Position of piston related to ideal gas

[songoku]

Homework Statement

A free-moving piston of cross sectional $A$ and mass $m_0$ is attached to thermally insulated container as shown in the diagram. Monoatomic ideal gas of volume $V_0 (V_0 = A . L_0)$ is trapped inside the container with initial temperature $T_0$ and initial pressure $P_0$. Initially, piston is given speed $c$ where $c$ satisfies equation $\frac{m_0.c^2}{P_0.V_0}=\frac{29}{4}$ . Pressure and temperature of surrounding are always constant ($P_0$ and $T_0$ respectively).
a. Find the position when the piston is momentarily at rest in terms of $k L_0$
b. When oscillating, no energy lost to surroundings. Find the final position of piston in terms of $k L_0$

Relevant Equations

Ideal gas

a. The piston will be at rest when all its kinetic energy converted into work to push the gas, so:

$$\frac{1}{2}m_0 c^2=P_0. \Delta V$$
$$\frac{1}{2}m_0 \frac{29}{4} \frac{P_0.V_0}{m_0}=P_0.\Delta V$$
$$\frac{29}{8} V_0=\Delta V$$
$$\frac{29}{8} L_0 = L_0 - L$$
$$L=-\frac{21}{8} L_0$$

My answer does not make sense because it is negative. Where is my mistake?

Thanks

 

[haruspex]

Not my subject, but why isn't the work done $\int P.dV$?

 

[Chestermiller]

The trick to doing this problem is to treat the combination of the gas and piston as your "system." In the initial state, the system has kinetic energy. You have correctly approached the work done by the on the surroundings, but you have not included the change in internal energy of the gas from the initial state to the point where the kinetic energy of the piston first reaches zero. The first law of thermodynamics applied to this initial step in this process is as follows:
$$\Delta U+\Delta K=-P_0(V_1-V_0)$$where $V_1$ is the gas volume when the piston first stops and $$\Delta K=-m_0\frac{c^2}{2}$$

 

[songoku]

Not my subject, but why isn't the work done $\int P.dV$?
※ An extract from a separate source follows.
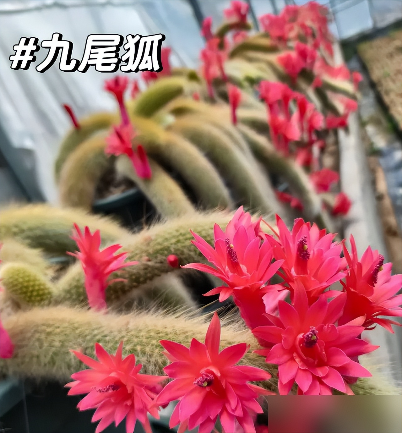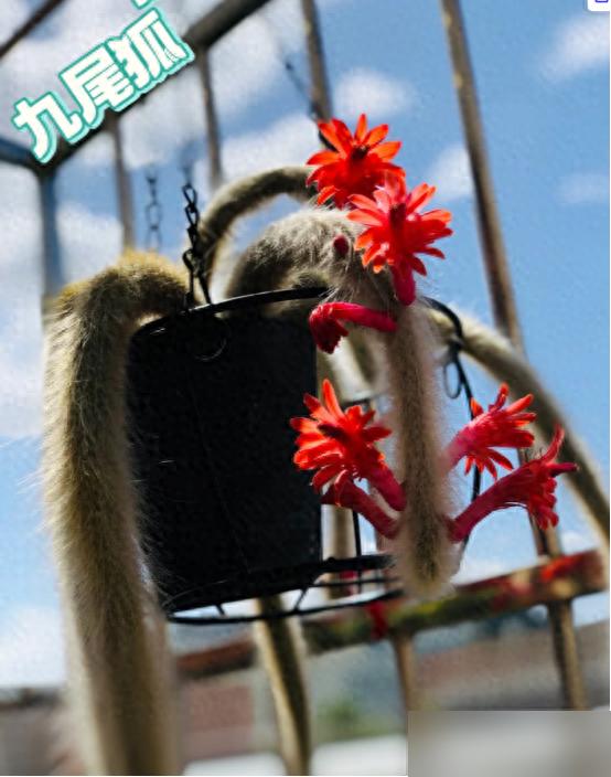 施肥也得卡准点——孕育期浇点多肉养分液,花芽冒头改磷钾肥,红艳艳的小花缀在皑皑尾巴尖上,活脱脱给小狐狸戴了朵头花。
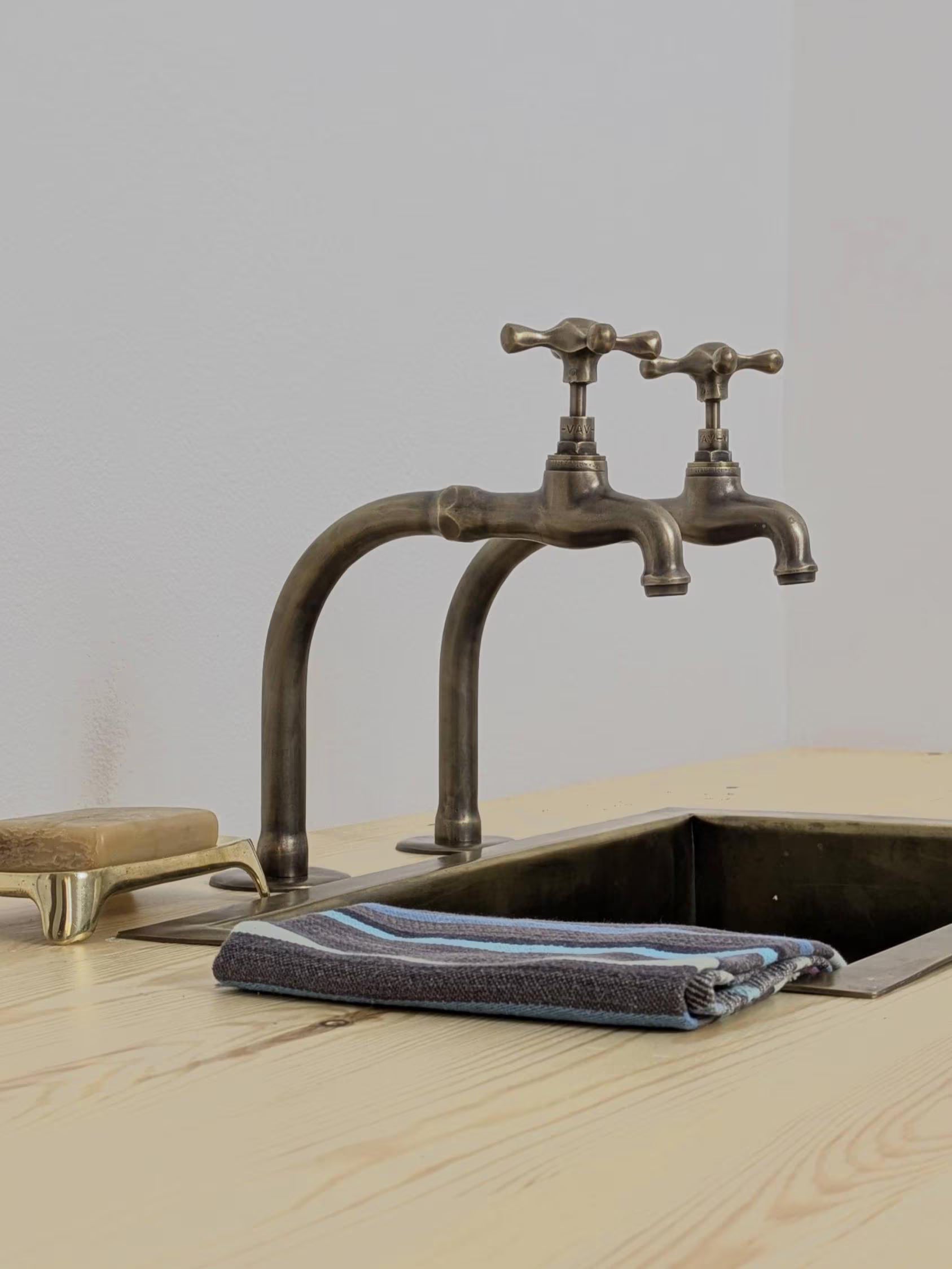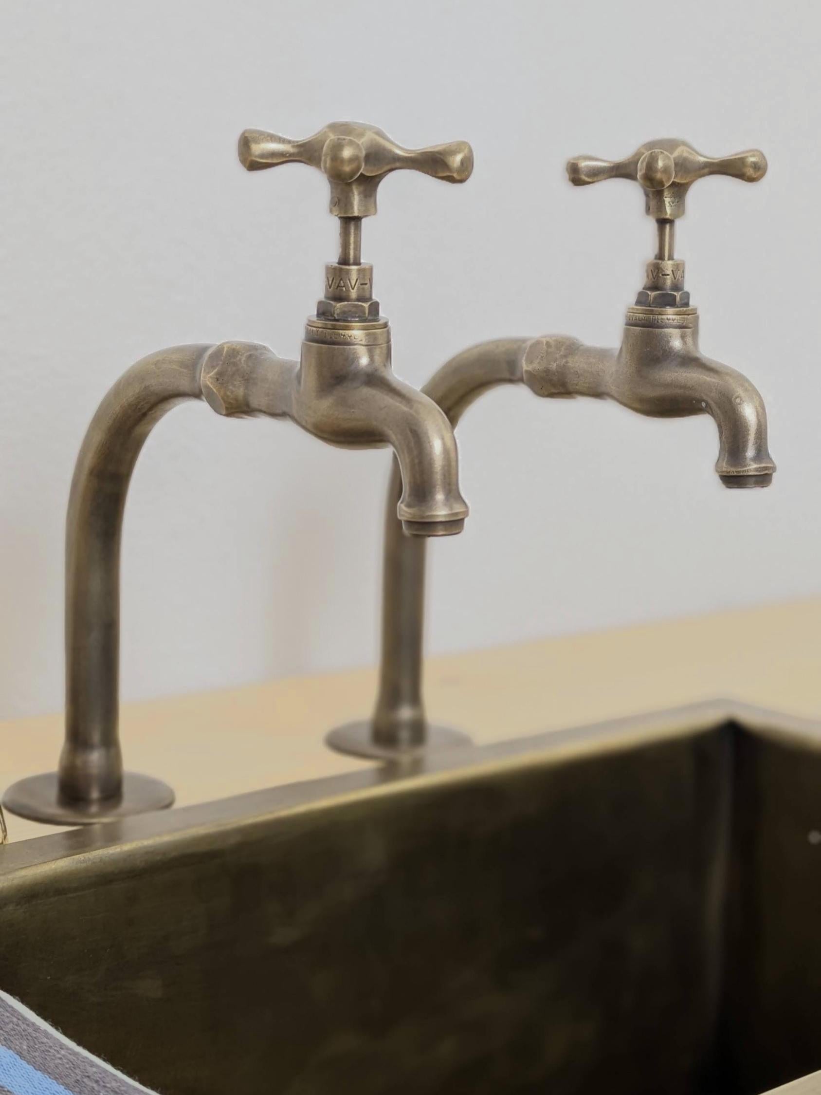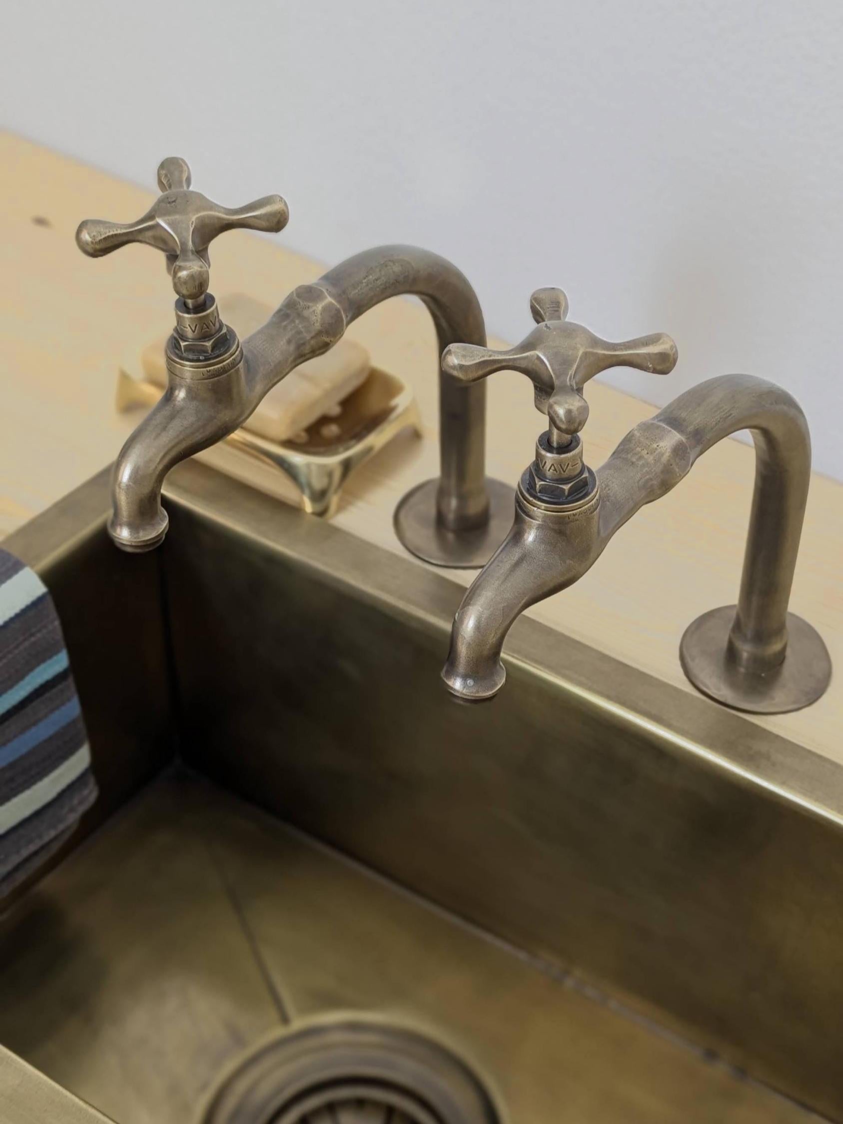 Handmade Brushed Brass Pillar Sink Faucets - French Style 17cm high - Custom size.

Not your subject but immediately spot my mistake

The trick to doing this problem is to treat the combination of the gas and piston as your "system." In the initial state, the system has kinetic energy. You have correctly approached the work done by the on the surroundings, but you have not included the change in internal energy of the gas from the initial state to the point where the kinetic energy of the piston first reaches zero. The first law of thermodynamics applied to this initial step in this process is as follows:
$$\Delta U+\Delta K=-P_0(V_1-V_0)$$where $V_1$ is the gas volume when the piston first stops and $$\Delta K=-m_0\frac{c^2}{2}$$

$$\Delta U+\Delta K=-P_0(V_1-V_0)$$
$$\frac{3}{2} (P_1 . V_1 - P_0.V_0) - \frac{1}{2} m_0 . \frac{29}{4} \frac{P_0.V_0}{m_0} = P_0.V_0 - P_1.V_1$$

I have 2 questions:
1. Do I use adiabatic equation to state $P_1$ in terms of $P_0, V_0 ~\text{and}~ V_1$?

2. Why the work done on the gas (the RHS part of the equation) is $-P_0.\Delta V$? I thought the initial pressure and final pressure of the gas will not be the same so maybe I need to use integration like suggested by @haruspex

Thanks

 

[Chestermiller]

Not your subject but immediately spot my mistake
ΔU+ΔK=−P0(V1−V0)
32(P1.V1−P0.V0)−12m0.294P0.V0m0=P0.V0−P1.V1

I have 2 questions:
1. Do I use adiabatic equation to state P1 in terms of P0,V0 and V1?

Yes, you do.

But you messed up on the algebra on the right hand sign. Both terms should have P0.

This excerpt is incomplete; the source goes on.